[ENTRIES SUPPLIED Boundary: Start]

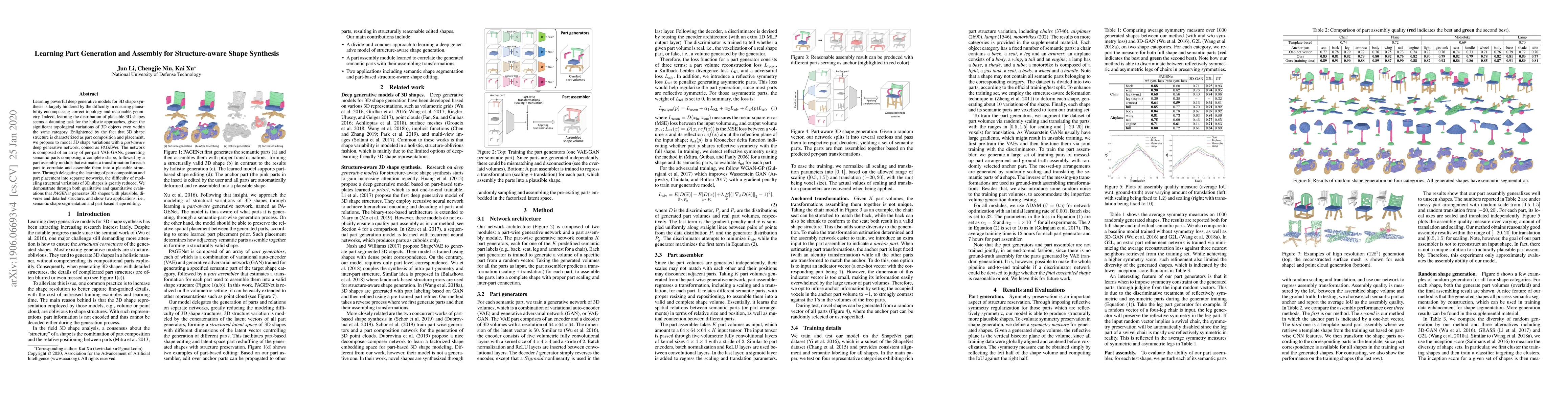 This paper proposes PAGENet, a part-aware deep generative network for 3D shape synthesis, which uses separate VAE-GANs for generating parts and an assembly module to correlate and assemble them, thus simplifying the modeling of complex 3D shape variations. The method demonstrates plausible, diverse, and detailed 3D shape generation, with applications in semantic shape segmentation and part-based editing.
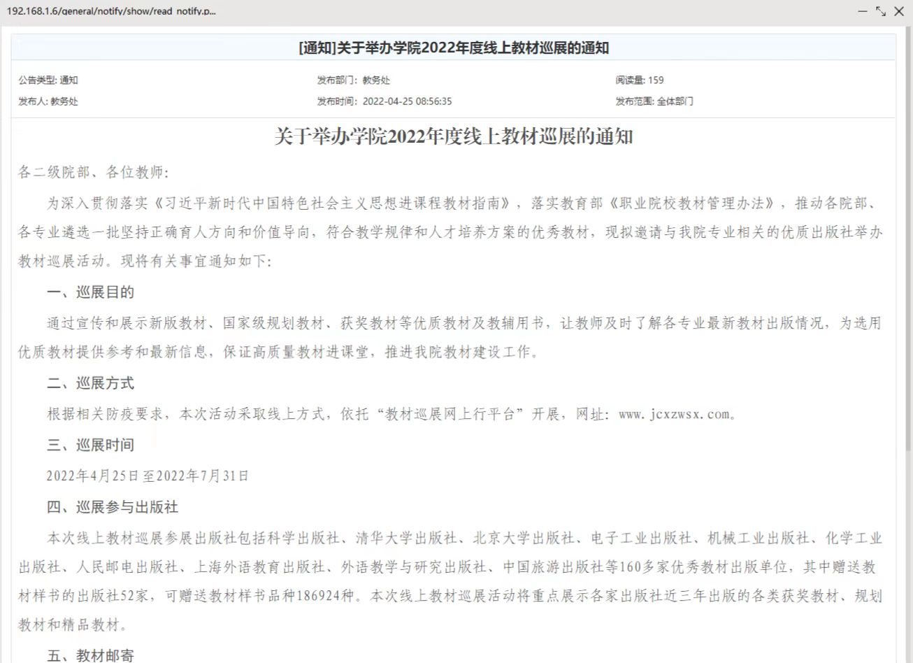 為深入貫徹落實(shí)《習(xí)近平新時(shí)代中國(guó)特色社會(huì)主義思想進(jìn)課程教材指南》,落實(shí)教育部《職業(yè)院校教材管理辦法》,方便各學(xué)校遴選教材,選擇一批適宜教學(xué),符合本校人才培養(yǎng)方案、教學(xué)計(jì)劃和教學(xué)大綱要求的優(yōu)秀教材,“2022全國(guó)教材巡展網(wǎng)上行” 教材云巡展活動(dòng)第四站——青島酒店管理職業(yè)技術(shù)學(xué)院站于4月25日正式啟動(dòng)。根據(jù)相關(guān)防疫要求,本次活動(dòng)采取線上(教材云巡展)方式進(jìn)行。
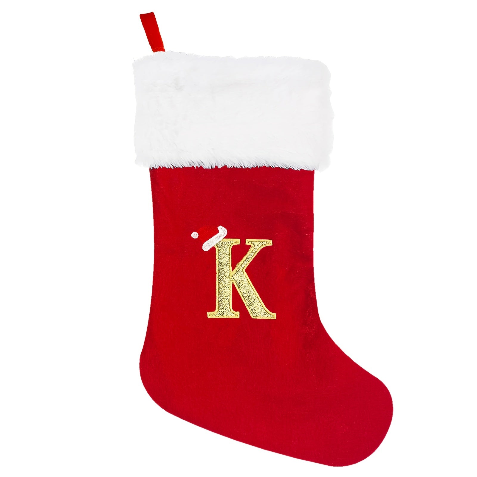 Calcetín de Navidad de terciopelo rojo con puños de felpa blanca y inicial bordada 53.34 cm
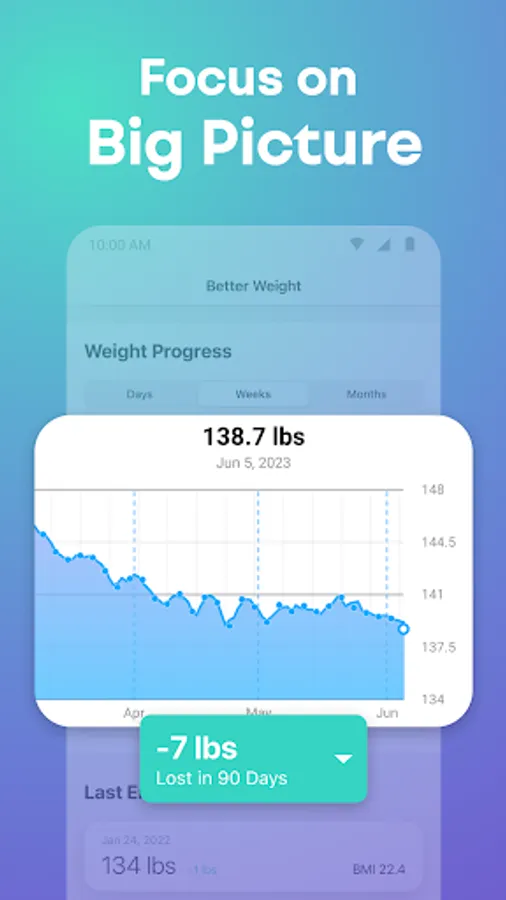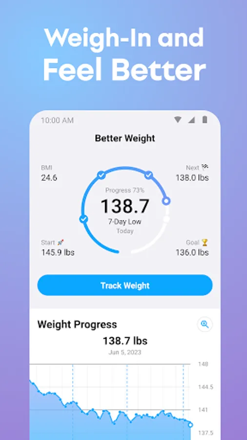 Better Weight app is here to make your journey motivational and more satisfying. We want to make it simple to track progress and motivate you every time you make a step in the right direction.
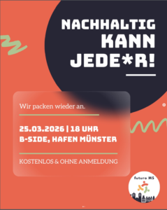 Die Initiative futuroMS lädt am 25.03 um 18 Uhr in die B-Side am Hafen ein. Auch dieses Mal gibt es wieder einen spannenden Input: #gruenstattgrau informiert über das Thema Abpflastern bzw. die Entsiegelung von Flächen. Danach widmen wir uns euren favorisierten Themen „Nachhaltiges Reisen“ und „KI und Nachhaltigkeit“.
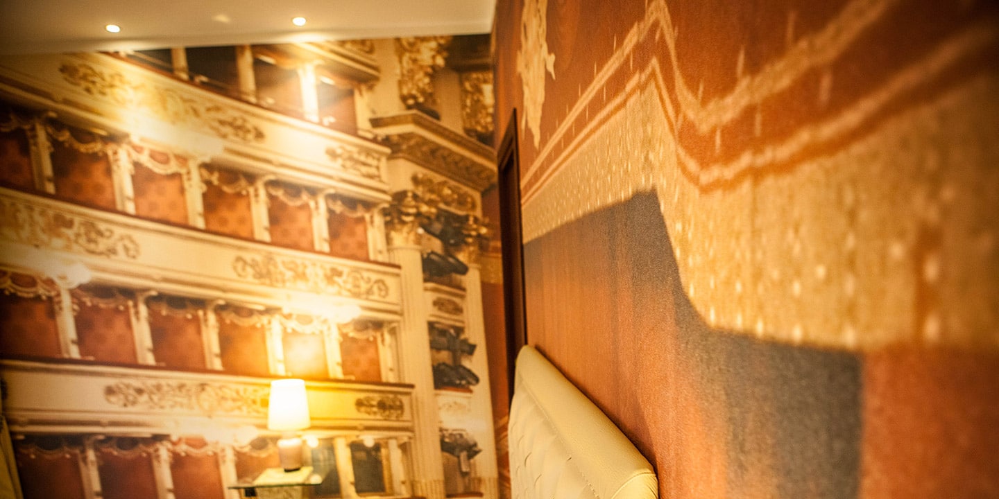 Pareti: Rivestimenti Suwide personalizzati con stampa a tema: palchi e foyer del Teatro La Scala di Milano.
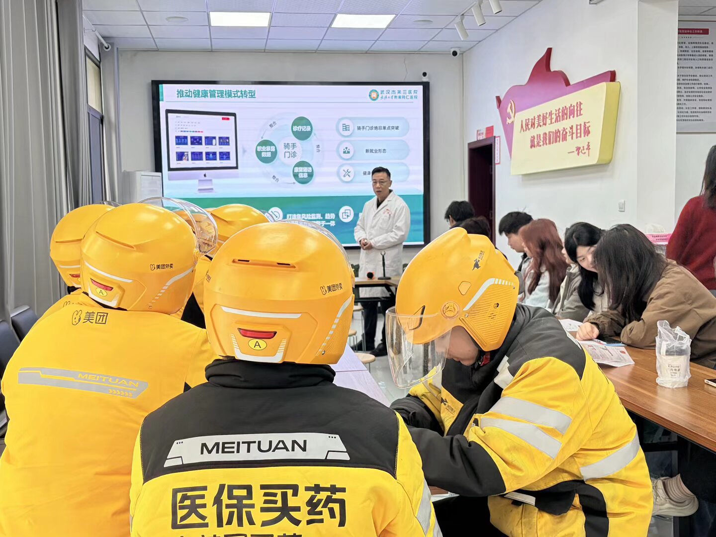 培训中,还特别介绍了武汉市第三医院专为新就业群体开设的“骑手门诊”服务——该门诊提供免挂号费、优先就诊等暖心举措,畅通了户外工作者的就医绿色通道,将专业医疗关怀延伸至日常。
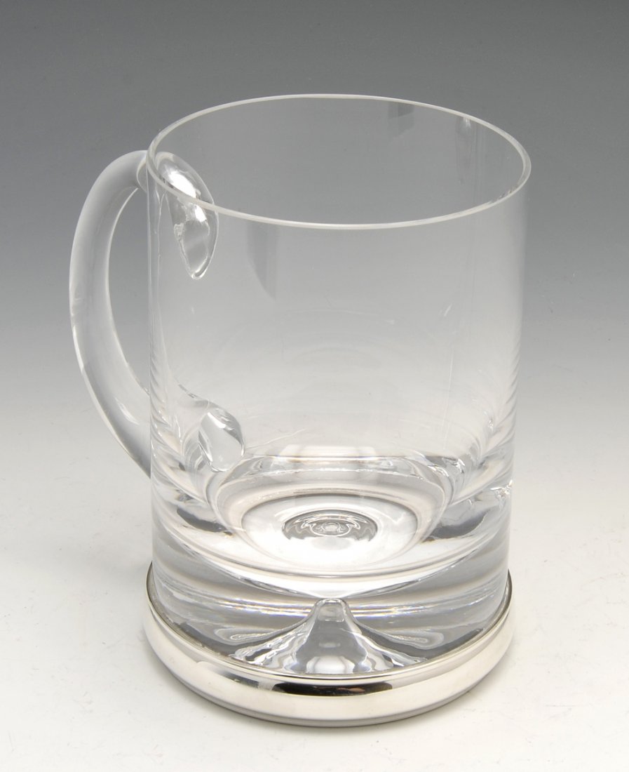 A modern silver mounted glass mug.
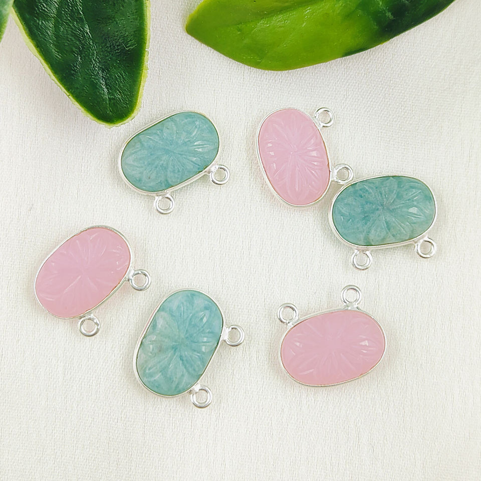 จี้สร้อยคออเมซอนไนต์แกะสลักแบบห่วงคู่รูปดอกไม้สีชมพูพร้อมสีทองรูปวงรีจี้เงินและเสน่ห์

[ENTRIES SUPPLIED Boundary: End]

EXERCISE OBJECTIVE
What are the lines in the records above, word for word, from the one containing "為深入貫徹落實(shí)《習" through the one containing "Calcetín de Navidad", both ends included and pictures left out?

OUTPUT OF THE TASK
 為深入貫徹落實(shí)《習(xí)近平新時(shí)代中國(guó)特色社會(huì)主義思想進(jìn)課程教材指南》,落實(shí)教育部《職業(yè)院校教材管理辦法》,方便各學(xué)校遴選教材,選擇一批適宜教學(xué),符合本校人才培養(yǎng)方案、教學(xué)計(jì)劃和教學(xué)大綱要求的優(yōu)秀教材,“2022全國(guó)教材巡展網(wǎng)上行” 教材云巡展活動(dòng)第四站——青島酒店管理職業(yè)技術(shù)學(xué)院站于4月25日正式啟動(dòng)。根據(jù)相關(guān)防疫要求,本次活動(dòng)采取線上(教材云巡展)方式進(jìn)行。
 Calcetín de Navidad de terciopelo rojo con puños de felpa blanca y inicial bordada 53.34 cm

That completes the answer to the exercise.